The difference is really all in how the loans were originated. A junior mortgage refers to the lien placement on the property title. A second mortgage means a mortgagor has more than one loan on a property with the same lender. For example, If I purchase a home (assuming the title is clean and there are no liens on the title) and get the loan with ABC Bank then ABC Bank is considered the senior mortgage. If I obtain another loan with ABC Bank most commonly a HELOC or Home Equity Line of Credit then it is a second mortgage in second position. Let's say that after I obtained the second loan with ABC Bank, I chose to take out a smaller loan against the property with XYZ Bank. That loan will be considered a junior lien. The loans won't always fall that clean on the title however.
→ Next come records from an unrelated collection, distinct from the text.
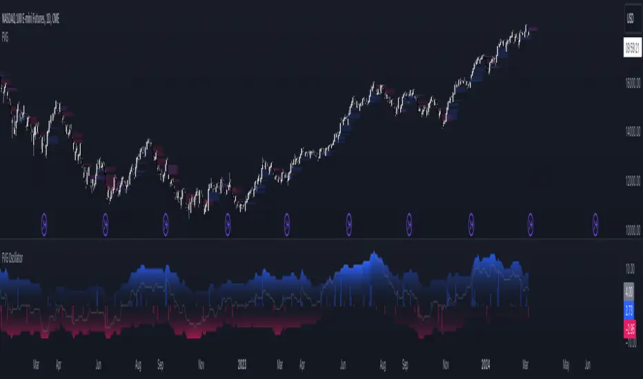 The FVG Oscillator, developed by OmegaTools and available on TradingView, is a specialized analytical tool designed to offer traders insight into the market's potential direction through the lens of Fair Value Gaps (FVGs). This script combines traditional oscillator functionality with a unique focus on FVGs, providing a nuanced approach to understanding market dynamics.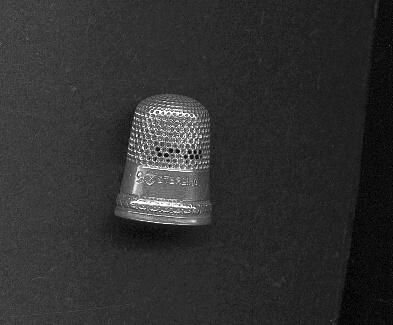 Silver thimble with raised narrow band of pattern above edge of thimble. Wide plain band above with marks - 9 (size) Fouled anchor (Goldsmith Stern - maker) and Sterling. Few holes in knurling from band to and over top.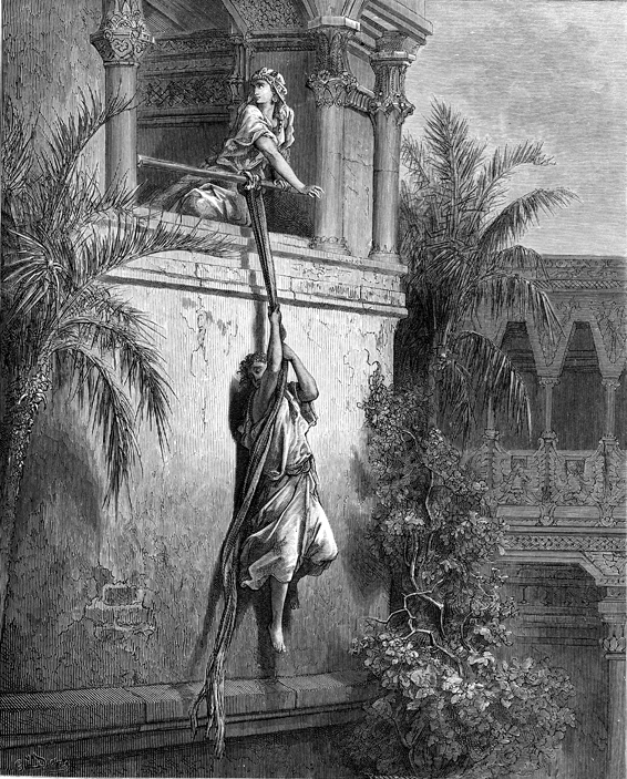 Description: Michal lowers David through a window, while Saul’s guards attempt to kill him in his sleep. The artist, Gustave Doré (1832-1883), has placed his signature at the lower left of the woodcut, and the engraver’s signature, Adolphe François Pannemaker (1822-1900), is located at the lower right.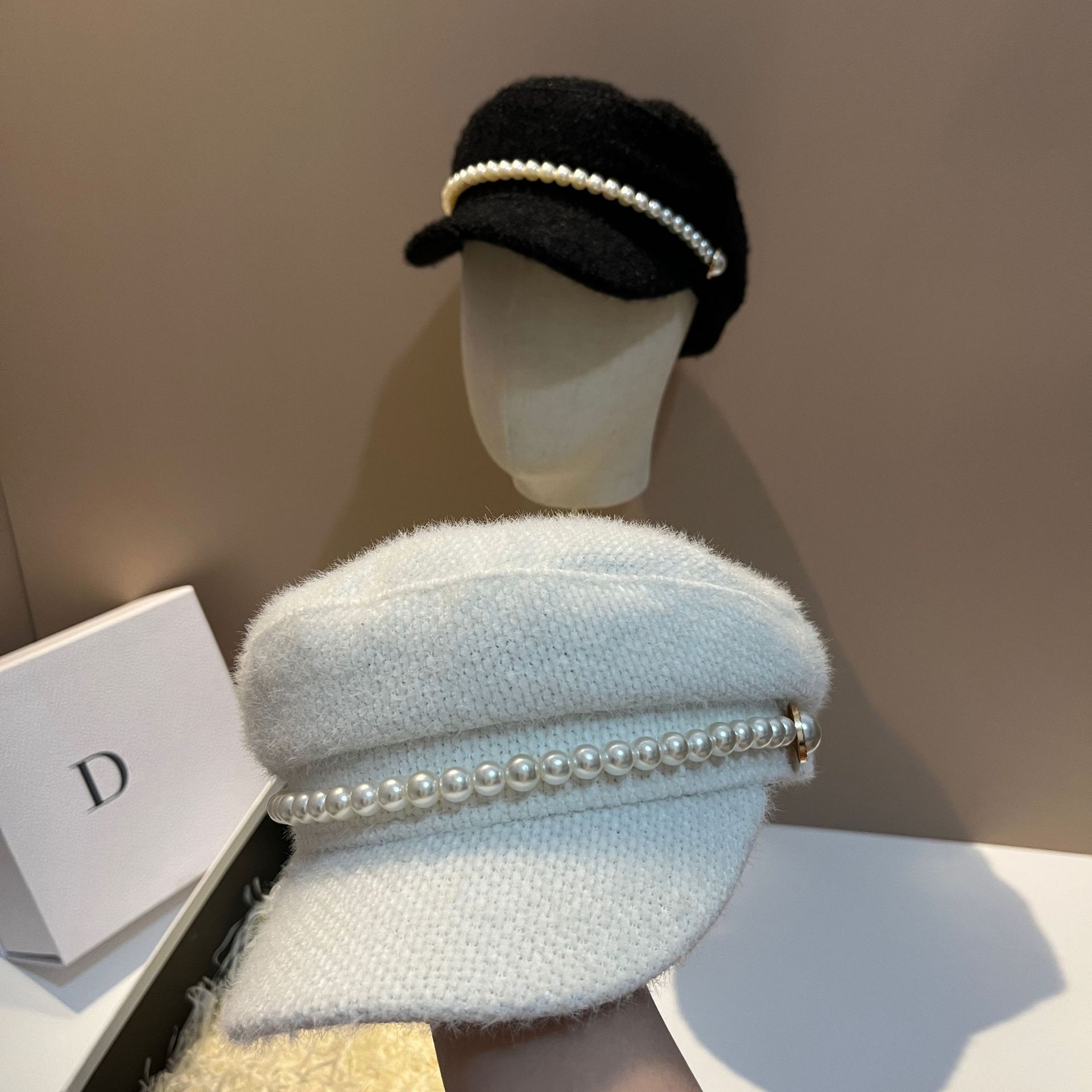 帽子 キャスケット パール デザイン レディース きれいめ かわいい おしゃれ 上品 可愛い ブラック ホワイト キャメル 黒 白 茶 ハット キャップ パールビーズ 飾り付き帽子 エレガント 女性 大人 華やか ぼうし ゴージャス 秋 冬 韓国ファッション [J] [K](T)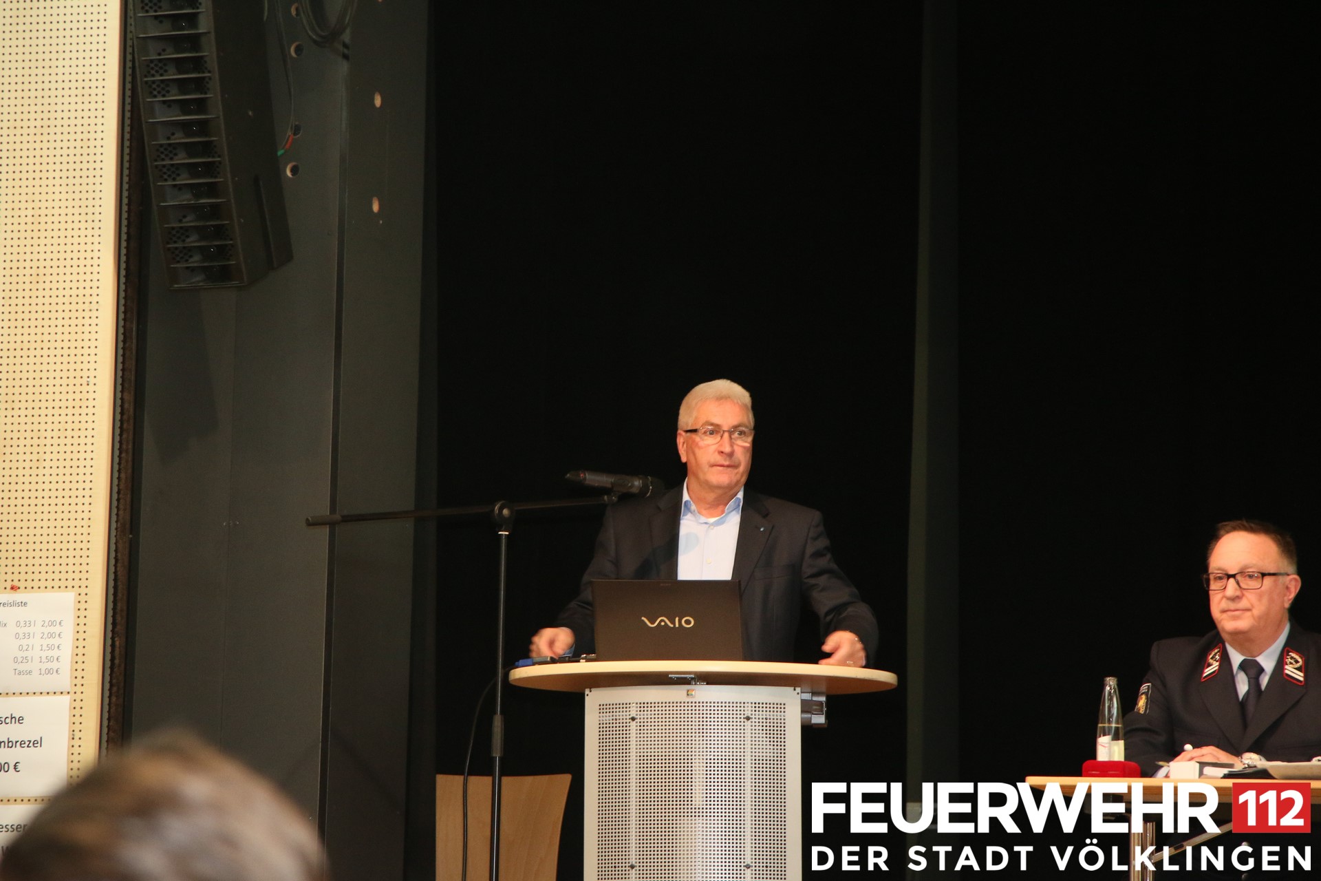 OB Lorig richtete als erstes seine Grußworte an die Kameraden. Er gab einen kurzen Überblick über die Maßnahmen, die im vergangenen Jahr getätigt wurden sowie einen Ausblick auf das Jahr 2017. So wurden in 2016 die Küche in Lauterbach erneuert, die Reparatur des Daches in Ludweiler wurde begonnen, in Geislautern wurde mit Spatenstich zum Neubau eines Gerätehauses angefangen und auch im Löschbezirk Wehrden sind die Umbauarbeiten weit fortgeschritten. Auch konnte im letzten Jahr ein HLF 20/20 dem Löschbezirk Ludweiler übergeben werden. Momentan sind 2 weitere Fahrzeuge für die Löschbezirke Wehrden und Fürstenhausen in der Beschaffung. Des Weiteren soll 2017 mit der Planung für den Umbau des Gerätehauses Stadtmitte begonnen werden.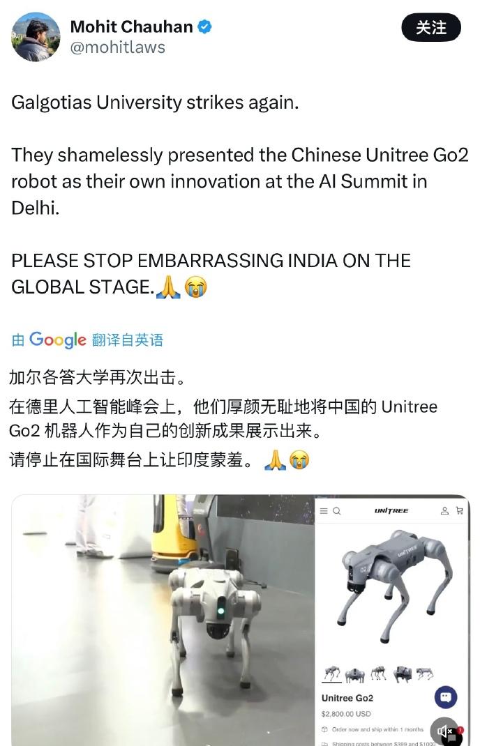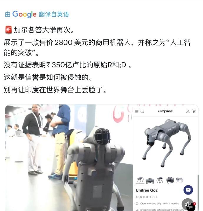 印度人工智能峰会350亿卢比“研发”的机器人是买中国的,就花了2800美金,这脸打的太尴尬了! 2月16日,印度人工智能影响峰会在新德里开幕, 加尔各答斯大学在展台上高调展示了四足机器人 “ORION”, 校方代表称这是投入350亿卢比(约 28.6 亿人民币)、集结顶尖力量自研的成果, 可用于监控巡逻,是 “印度AI生态核心”。 结果当天就被网友当场拆穿, 这台 “ORION” 与中国宇树科技的Go2机器狗外观、步态完全一致, 官网明码标价才2800美元(约2.5万印度卢比),是公开售卖的消费级产品,没有任何自研改造痕迹。 2.5万卢比的商品被吹成350亿卢比的研发成果,差价高达140万倍, 相关质疑视频迅速在社交媒体发酵,印度网友怒批丢脸丢到全世界。 2月18日,加尔各答斯大学发布声明改口, 称机器人是 “从中国采购的学术学习工具,从未声称自研”。 但网友扒出此前该校宣传海报、现场教授采访都明确标注 “本土研发”,谎言不攻自破。 印度网友怒批 “贪腐明目张胆”“丢尽国家颜面”,要求彻查350亿卢比经费去哪了? 峰会上来了全球科技企业,这事儿也太尴尬了! 印度要解决的可能还不是AI研发问题, 还是先把“懂礼仪,知廉耻”从头学起来吧!

You can have a junior lien between a senior lien and second mortgage. In the example above if the XYZ Bank loan was taken out before the second mortgage with ABC Bank then it would still be called a junior lien and the second mortgage with ABC Bank would be the second mortgage with ABC Bank but in third position. Hope that helps!


Can a loan company put a lien on your car if its not paid off?

If the vehicle was put as collateral for the loan, there already is a lien on it.


What is the statue of limitations on a car lien?

The lien is no longer applied to the vehicle when the loan is paid off. You can then get a lien release from the lender. As long as the loan has not been paid off the vehicle still has a lien on it.


How do you put a lien on a vehicle?

how can i put a lien on a motor vehicle for a loan that was put out and no payment made yet on the personal loan


What if you stop paying on my second mortgage?

They'll probably, eventually, foreclosure. (second response) The first lien holder will pay the second lien holder to prevent them from foreclosing on the property. A second lien would never get away with this, but if they did, boy would they be in the money. Imagine if you took a home equity loan out on a $200,000 home for $25,000 dollars. You stop paying on the second lien, and they foreclose. Their $25,000 investment just returned $200,000. Be a hell of a day for a bank. Flip side is, if a home with 2 liens does go into foreclose, the second (junior) lien gets nothing.


What Collateral Is Come To Secure The SBA 504 Loan?

Collateral come to secure the SBA 504 loan typically features a second mortgage around the land and building or perhaps a second lien around the equipment that's funded.


Can the title loan company repo if there the second lien?

Yes. If the lien was placed against the vehicle without the approval of the title holder, then it's an invalid lien, and if the other agency comes to collect on that lien and there's no collateral for them to take possession of, they very well could just end up suing you.


Putting a lien on your drivers license?

can a car loan company put a lien on drivers license


After 10 years is car lien valid?

Unless the lien is waived, yep. Did you pay the loan off? If so, get the lien lifted.